Lewy body dementia is an umbrella term for Parkinson’s disease dementia and dementia with Lewy bodies. Both of these diseases have underlying Lewy body pathology and cognitive impairment that affects daily life. Although Lewy body dementia is a common type of dementia following Alzheimer’s and vascular dementia, we do not hear much about it. Research is limited and we still have a lot of unknowns. So far, we have been able to pinpoint some genetic risk factors (including APOE, GBA, SNCA) and a role for sex. Females do not get the pure Lewy body pathology as often as males, and females with Lewy body pathology do not present with the typical clinical profile we associate with Lewy body dementia. Since both the pathology prevalence and association with the clinical features differ by sex, this suggested to us that the risk factors perhaps differ as well.
With sex taking on such a striking role in Lewy body dementia, we wondered how the X chromosome comes into play for risk. The X chromosome is a big part of the genetic story; however, it often gets excluded from genome-wide association studies because of the different quality control measures it requires. With the development of the X chromosome-wide association study pipeline, we wanted to address the gap of knowledge in Lewy body dementia by diving into the world of the X chromosome. Knowing that rare variants also make up a part of the genetic story that often does not get told, we wanted to include them in our analysis as well.
Unfortunately, harmonized data from multiple centers including a large number of people are not too easy to come by in Lewy body dementia. The International Lewy Body Dementia Genetics Consortium has been putting a lot of effort into gathering data and accelerating genetic discoveries in Lewy body dementia. Recently, our group investigated the risk factors for Lewy body dementia with genome genome-wide association study in the compiled data including 2,591 people with Lewy body dementia and 4,391 people without any significant neurological diseases. We leveraged the same cohort in this X chromosome focused study. We performed the X chromosome-specific quality control and then performed analyses in the whole cohort, as well as individually for females and males. We also adjusted the analysis for APOEe4, given the large effect size associated with this factor that can swipe out other potential hits.

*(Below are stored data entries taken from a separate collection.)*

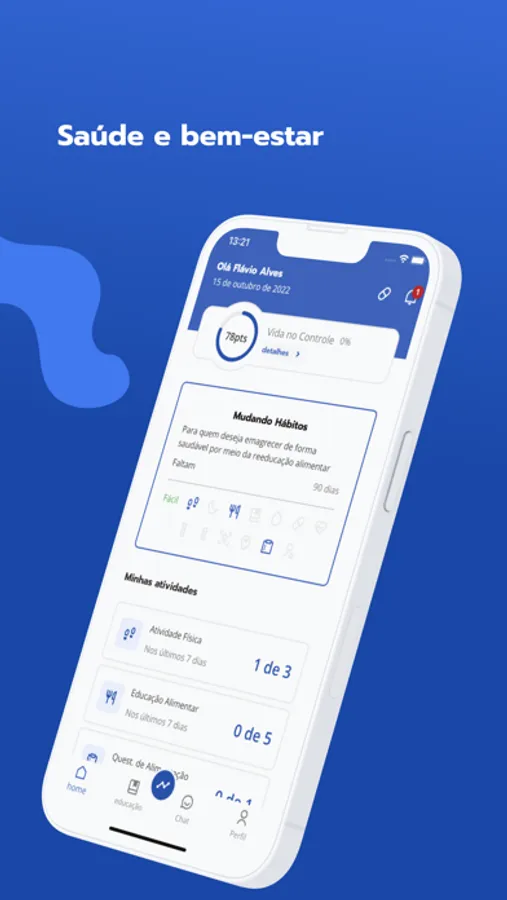 Inicie a sua jornada selecionando 4 diferentes trilhas, que são: Bem-estar mental (mente e corpo em sinergia), obesidade (chega de brigar com a balança!), doenças crônicas (controle sua glicemia e pressão arterial) e bem-estar físico (qualidade de vida independentemente da sua condição física e mental).
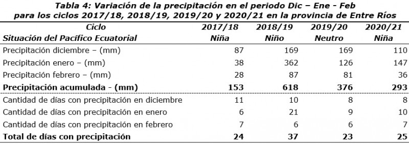 En la Tabla 4 se presenta la precipitación promedio mensual y acumulada para el trimestre en estudio de los últimos cuatro años. Las características más relevantes del ciclo 2020/21 son las siguientes:
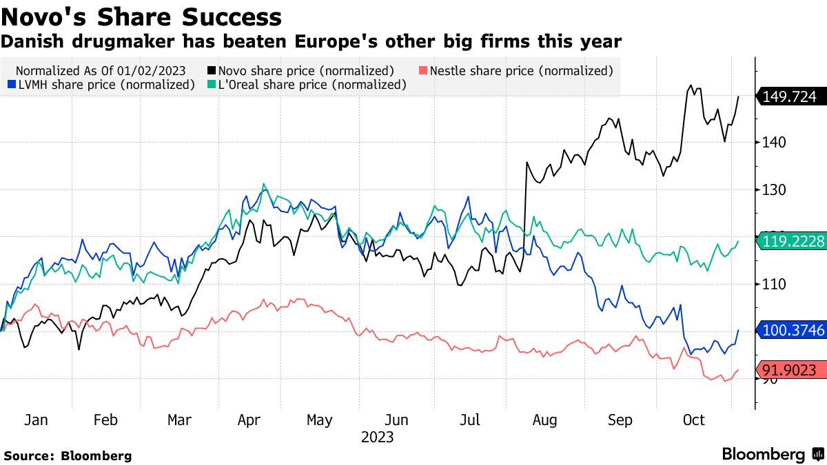 诺和诺德公司股价在早盘交易中上涨了超过3%。过去两年,该股几乎翻了一番,帮助该公司超越了雀巢、欧莱雅和奢侈品巨头LVMH,成为欧洲最有价值的公司。

We did not find a significant hit for common and rare variants, but we found a significant hit once we adjusted the analysis for APOEe4. A locus within intron 1 of MAP3K15 was associated with risk for Lewy body dementia only for females. MAP3K15 does not have any previously reported neurodegenerative disease links to the best of our knowledge, but it has been implicated in type 2 diabetes. The gene is a part of a large family that has to do with the MAPK pathway. MAPK pathways have to do with neuroinflammatory responses, neuronal death triggered by alpha-synuclein aggregates, and tau and amyloid precursor protein phosphorylation. Alpha-synuclein aggregates are what make up Lewy body pathology. Tau and amyloid are Alzheimer’s disease pathologies. From studies on Alzheimer’s, we know that the severity of pathology as well as the clinical association of the pathology differs by sex; with females getting hit more once the pathology is severe. This may tie into the females with Lewy body pathology potentially having a higher risk of Alzheimer’s co-pathology compared to males, and Alzheimer’s co-pathology being associated with a higher risk for dementia for females than males with Lewy body pathology.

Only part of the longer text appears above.